In this study, definitive results regarding the CNS prophylactic efficacy of HD-MTX could not be achieved; nevertheless, the findings show the promising clinical viability of the HD-MTX administration regimen—specifically the HD-MTX day 6 regimen. This regimen effectively reduced the typical HD-MTX-associated chemotherapy delays. However, owing to the limited sample size and baseline imbalances, statistical analyses could not ascertain the optimal number of HD-MTX cycles. Future studies need to focus on validating the HD-MTX day 6 regimen and determining the optimal number of treatment cycles.

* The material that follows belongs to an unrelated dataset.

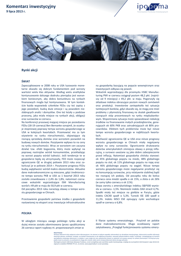 Komentarz inwestycyjny 9 lipca 2013 r. Rynki akcji ŚWIAT Zapoczątkowane w 2008 roku w USA luzowanie monetarne okazało się dobrym fundamentem pod wzrosty wartości wielu klas aktywów. Według wielu analityków kontynuowanie dalszego dodruku pieniądza jest warunkiem koniecznym, aby dobra koniunktura na rynkach finansowych mogła być kontynuowana. W tym kontekście każda wypowiedz członków FEDu czy też zapisy z jego posiedzeń, budzą duże emocje i są powodem niesłabnących analiz i domysłów. One też leżały u podstaw przeceny, jaka miała miejsce na rynkach akcji, obligacji oraz surowców w czerwcu. Na konferencji prasowej mającej miejsce po posiedzeniu FEDu (18-19 czerwca) Ben Bernanke oznajmił, że oczekuje stopniowej poprawy tempa wzrostu gospodarczego w USA w kolejnych kwartałach. Przemawiać ma za tym ożywienie na rynku nieruchomości, objawiające się rosnącą sprzedażą domów oraz wzrostem pozwoleń na budowę nowych domów. Pozytywnie wpływa to na ceny na rynku nieruchomości. Wraz ze wzrostem cen zaczyna działać tzw. efekt bogacenia, który może wpłynąć na poprawę nastrojów wśród konsumentów, przekładając na wzrost popytu wśród ludności. Jeśli tendencje te w gospodarce będą się utrzymywały, FED może rozpocząć ograniczanie QE w drugiej połowie 2013 roku oraz zakończyć je w połowie 2014 r. Pozytywne prognozy FEDu budzą wątpliwości wśród makro ekonomistów. Aktualne dane makroekonomiczne są mieszane, gdyż średnioroczne tempo wzrostu PKB w USA za 1 kwartał 2013 roku zostało zrewidowane z 2,4% do 1,8%, natomiast czerwcowe wskaźniki wyprzedzające ISM Manufacturing wzrósł z 49 pkt w maju do 50,9 pkt w czerwcu. Od początku 2013 roku narastają obawy o tempo wzrostu gospodarczego w Chinach. Przestawienie gospodarki państwa środka z gospodarki nastawionej na eksport oraz inwestycje infrastrukturalne na gospodarkę bazującą na popycie wewnętrznym oraz inwestycjach odbywa się powoli. Wskaźnik wyprzedzający dla przemysłu HSBC Manufacturing PMI w czerwcu osiągnął poziom 48,2 pkt. (najniższy od 9 miesięcy) z 49,2 pkt. w maju. Pogorszyły się składowe indeksu obrazujące poziom nowych zamówień oraz produkcji. Inwestorów zaniepokoiła też sytuacja tamtejszych banków, gdyż okazało się, że mogą one mieć problemy z płynnością finansową na skutek gwałtownie rosnących stóp procentowych na rynku międzybankowym. Wspomniana sytuacja może spowodować redukcję środków na finansowanie małych przedsiębiorstw, generujących ok 60% PKB oraz zatrudniających ok 80% pracowników. Efektem tych problemów może być niższe tempo wzrostu gospodarczego w najbliższych kwartałach. Możliwość ograniczenia QE w USA oraz niższe prognozy wzrostu gospodarczego w Chinach miały negatywny wpływ na ceny surowców. Ograniczenie drukowania dolarów amerykańskich zmniejsza obawy o presję inflacyjną, a surowce uważane są jako dobre zabezpieczenie przed inflacją. Natomiast gospodarka chińska stanowi: ok 45% globalnego popytu na miedz, 48% globalnego popytu na stal, ok 11% globalnego popytu na ropę oraz ok 46% globalnego popytu na węgiel. Niższe tempo wzrostu gospodarczego może negatywnie przełożyć się na konsumpcję surowców, przy relatywnie stabilnej bądź tez rosnącej ich podaży. Od początku roku do końca czerwca cena miedzi spadła o ok 15%, a złota o ok 26% (w samy tylko czerwcu o ok 11%). Stopa zwrotu z amerykańskiego indeksu S&P500 wyniosła w czerwcu -1,5%. Niemiecki indeks DAX stracił 4,7%. Spadki miały też miejsce na giełdzie w Paryżu, gdzie indeks CAC40 spadł o 5,3%. Turecki ISE 100 spadł o 11,3%. Indeks MSCI EM opisujący rynki wschodzące spadł w czerwcu o 6,8%. POLSKA W ubiegłym miesiącu uwaga polskiego rynku akcji w dużej mierze została zdominowana (przez upubliczniony 26 czerwca raport rządowy nt. proponowanych zmian w II filarze systemu emerytalnego. Przyćmił on polskie dane makroekonomiczne. Długo oczekiwany raport zatytułowany „Przegląd funkcjonowania systemu emery- Nota Prawna Niniejszy dokument służy wyłącznie celom informacyjnym i nie stanowi w żadnym wypadku rekomendacji czy doradztwa inwestycyjnego. Jednocześnie wszelkie informacje dotyczące planów, oczekiwań, strategii, czy polityki inwestycyjnej co do najbliższej przyszłości, stanowią odzwierciedlenie wiedzy i oczekiwań zarządzającego na moment sporządzenia niniejszego dokumentu, w związku z czym mogą one ulec wielokrotnej zmianie w zależności od rozwoju sytuacji na rynkach finansowych. W skrajnym przypadku może to oznaczać, ze oczekiwania te mogą ulec zmianie, także zanim niniejszy dokument dotrze do jego adresata. Wymagane prawem informacje dotyczące Funduszu, w tym szczegółowy opis czynników ryzyka inwestycyjnego, znajdują się w prospekcie informacyjnym i jego skrócie dostępnym w siedzibie IPOPEMA TFI S.A., na stronie, www.ipopematfi.pl i w sieci sprzedaży. Komentarz inwestycyjny 9 lipca 2013 r. talnego” został bardzo źle odebrany przez rynki finansowe, a zakładane w nim scenariusze zmian (o których dalej) są dużo bardziej daleko idące niż oczekiwali wcześniej ekonomiści i analitycy. Biorąc pod uwagę wcześniejszą retorykę ministrów z resortów finansów oraz pracy i polityki społecznej, nie jest zaskoczeniem, że raport jest mocno krytyczny wobec OFE. Główne zarzuty dotyczą kosztów funkcjonowania OFE, efektywności zarządzania oraz negatywnego wpływu II filara na poziom długu publicznego. W ramach propozycji „ulepszenia” systemu, rząd przedstawił trzy warianty, które będą przedmiotem konsultacji społecznych i debaty publicznej. Konsultacje mają potrwać około 2 miesiące. Później, rząd na tej podstawie dokona wyboru jednego z wariantów. Pierwszy z przedstawionych wariantów, tzw. „wariant obligacyjny” zakłada przeniesienie do ZUS części nieakcyjnej aktywów OFE, tj. części aktywów ponad próg maksymalnego zaanga

Altogether, the role of HD-MTX in preventing CNS recurrence could not be conclusively determined due to the lack of robust evidence. However, the intravenous HD-MTX day 6 regimen showed notable therapeutic potential for patients who can tolerate the treatment, such as younger individuals and those at NCCN-IPI low or intermediate risk. Despite lacking results, this study serves as a valuable reference for future studies on HD-MTX treatment and for decision-makers to offer guidance on clinical treatment decisions.

Author Contributions

Yanli Wang: conceptualization, methodology, funding acquisition, writing – original draft, project administration. Xiaolian Wen: investigation, data curation, resources, writing – review and editing. Tao Guan: data curation, methodology, resources, investigation. Hongwei Zhang: project administration, visualization, validation. Wei'e Han: resources, supervision, data curation. Min Bai: data curation, supervision, resources, investigation. Xiaolan Liu: resources, supervision, data curation, project administration. Min Zhang: data curation, supervision, resources, methodology. Liping Su: conceptualization, resources, data curation. Weihua Zhang: conceptualization, methodology, resources, writing – original draft.

Ethics Statement

The Ethics Committee of the Shanxi Medical University Affiliated Cancer Hospital (Shanxi Provincial Cancer Hospital) which is registered as Institutional Review Board at the National Medical Research Registration and Filing Information System (https://www.medicalresearch.org.cn) approved the evaluation presented here (KY2023080).

Conflicts of Interest

The authors declare no conflicts of interest.